What Streaming Service Is Actually Best for Older Adults Right Now?
The honest answer depends on what you love to watch. Here's a fast breakdown based on current data from The Senior List and SeniorSite.org:
- Netflix ($12–$19/month depending on plan): The New York Times just updated its list of the 30 best TV shows on Netflix right now, and Radio Times refreshed its April 2026 picks. The interface is simple, the library is enormous, and it earns its keep for procedurals, prestige drama, and classic series.
- Hulu ($12–$19/month): Best if you want live TV channels alongside on-demand content. The bundle with Disney+ and ESPN+ adds value if anyone in your household watches sports or wants access to a broader library.
- Amazon Prime Video (bundled with Prime membership): The lowest-cost option if you're already paying for Amazon Prime shipping. The library skews toward films and has strong original series.
- BritBox (~$8.99/month): Entertainment Weekly's April 2026 list of the 25 best BritBox shows is reason enough to sign up for a month.

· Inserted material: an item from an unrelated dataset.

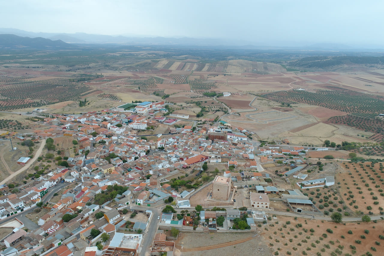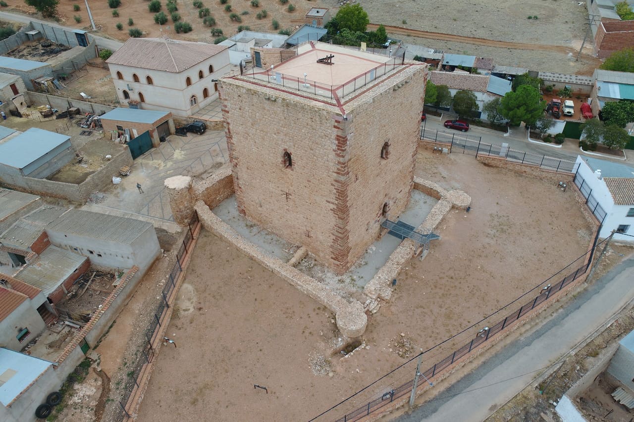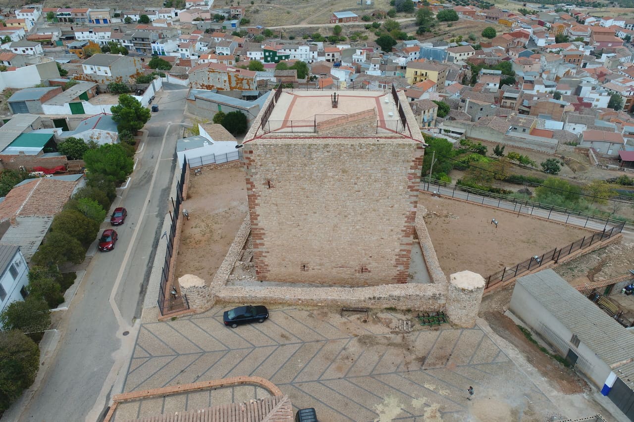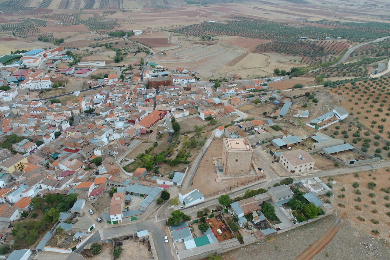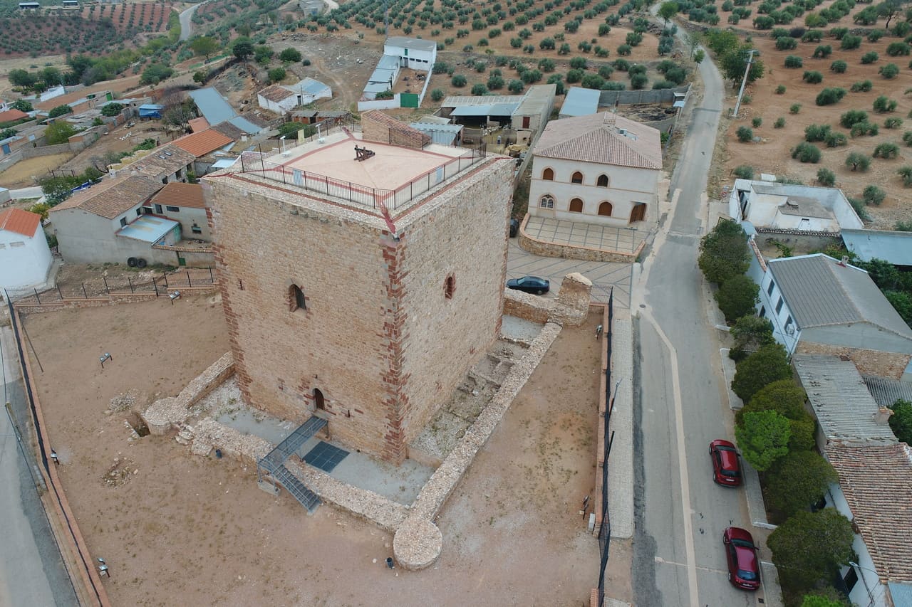 El castillo de Albaladejo se encuentra dentro del propio casco urbano, en el extremo occidental, ocupando el punto más alto y escarpado del cerro sobre el que creció la población. No es un castillo aislado en el campo, sino una pieza ligada al pueblo y a su entorno inmediato, especialmente a la parroquia, con la que forma un conjunto. Su situación ayuda a entender su función histórica: vigilar el valle y los pasos hacia Andalucía.

British mysteries, period dramas, and comedies are the sweet spot — no algorithm pushing you toward something loud and forgettable.
- Discovery+ (budget tier): The top niche pick for documentary lovers among older adult streaming guides. If you finished Ken Burns's latest and want more, this is your library.
- PBS Passport: Criminally underused. For a modest annual donation to your local PBS station, you get on-demand access to the full PBS library — Frontline, American Experience, Nova, and more. Pure nonfiction gold.
One practical note: all of these services work beautifully on a Roku device, which senior streaming guides consistently cite for its large-text interface and simple remote. If you're still navigating a smart TV's built-in app store with a 40-button remote, a $30–$50 Roku Stick is one of the best quality-of-life upgrades you can make this spring.
What Should I Watch This Weekend?
Two specific recommendations with strong cases behind them right now:
Eleanor the Great (in theaters): InSession Film reviewed it this week with the specific note that it's made for older adults — not about them in a patronizing way, but genuinely for them, in the way a well-tailored coat is for a specific person. That's rare enough in contemporary film to be worth a trip to the cinema.
The Blue Trail (check local listings and streaming): The New York Times published a review this week calling it "a drifting journey into freedom." That description alone — freedom, drift, the open road — is going to resonate with anyone who's recently left a structured career and is figuring out what unscheduled time actually feels like. It's the kind of documentary that earns its runtime.
PureWow also published a "15 Shows and Movies to Watch This Weekend" list today (April 17) if you want a broader buffet of options — but frankly, those two are enough for a Friday night and a Saturday afternoon.
Should I Switch to an E-Reader This Spring?
CNET published a full e-reader guide this week under the headline "Best E-Reader for 2026: Ditch Those Paper Books for Good" — and while that headline is a little aggressive, the underlying case is solid for retirees specifically. Adjustable font size alone is worth the price of entry if your reading glasses aren't keeping up with small paperback type. The Kindle Paperwhite remains the gold standard in the category, and most public libraries now offer free e-book borrowing through the Libby app, which means your local library card is suddenly a portal to thousands of titles at no additional cost.
If you're an audiobook person — and the case for audiobooks is strong when you're gardening, driving, or walking — Libby covers that too, with audiobook borrowing from your library. Audible charges $14.95/month for one credit and access to their Plus catalog. For nonfiction listeners, that's a reasonable value.